Brent Ehrler landed five Lake Conroe largemouth bass weighing 20 pounds, 1 ounce, to hold on to the top spot in the Geico Bassmaster Classic heading into Sunday’s final round of the 47th edition of the world championship of professional bass fishing.
Ehrler, of California, has a two-day total of 43 pounds, 4 ounces and goes into Sunday’s final round with a 2-pound, 3-ounce lead over Pennsylvania angler Dave Lefebre.
Lefebre jumped from sixth place to second heading into the final day of competition when he hauled a five-bass limit weighing 20 pounds, 11 ounces to the weigh-in stage on the field of Minute Maid Park in downtown Houston.
Oklahoma angler Edwin Evers, who won the 2016 Bassmaster Classic, is in third place with a total of 39 pounds after weighing a 20-pound, 13-ounce string of five fish, the heaviest taken Saturday by the 52 anglers competing for the tournament’s $300,000 first-place prize.
Fellow Oklahoma resident James Elam is in fourth place with 37 pounds, 13 ounces, and Bradley Roy of Kentucky is fifth with a total of 37 pounds, 10 ounces.
The heaviest bass of the day was a 9-pound, 1-ounce largemouth landed by Tennessee angler Skylar Hamilton.
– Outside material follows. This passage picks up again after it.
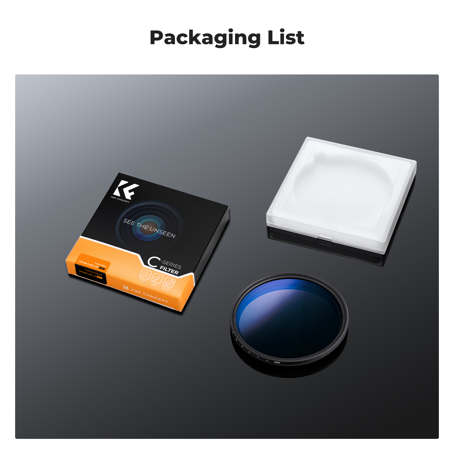 El filtro K&F de 72 mm True Color Variable ND2~ND400 cuenta con tecnología de recubrimiento de titanio para una reproducción precisa del color, reducción de luz ajustable y cristal óptico japonés de primera calidad para una nitidez de imagen excepcional.
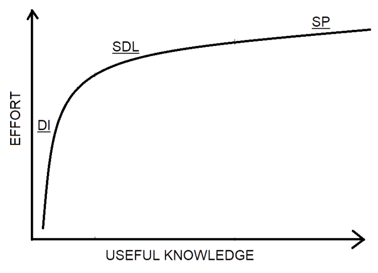 SDL builds on DI by allowing students to make sense of what they’ve learned. Students might think they understand what the teacher said, but unless they can do it themselves, they don’t really understand. They have gaps in their thinking. They need to test the information for themselves, and verify that it’s true. They need to struggle with the concept until everything “clicks”. Overly-predigested material deprives students of that experience. The initial period of not-knowing is what makes learning rewarding. The answer stays with us longer when we arrive at it ourselves, and we learn how to assimilate new information without becoming impatient during the investigation.

Lake Conroe’s largemouth bass proved a challenge for a tournament field that consists of some of the nation’s most successful professional bass fishermen.
Only 17 anglers managed to land a five-bass limit on the contest’s second day after only half of the field boxed limits on the first day of the competition.
Only one of five Texans in the tournament, Jasper’s Todd Faircloth, made the second-day cut that whittles the final-day field to the top 25 anglers who will compete Sunday.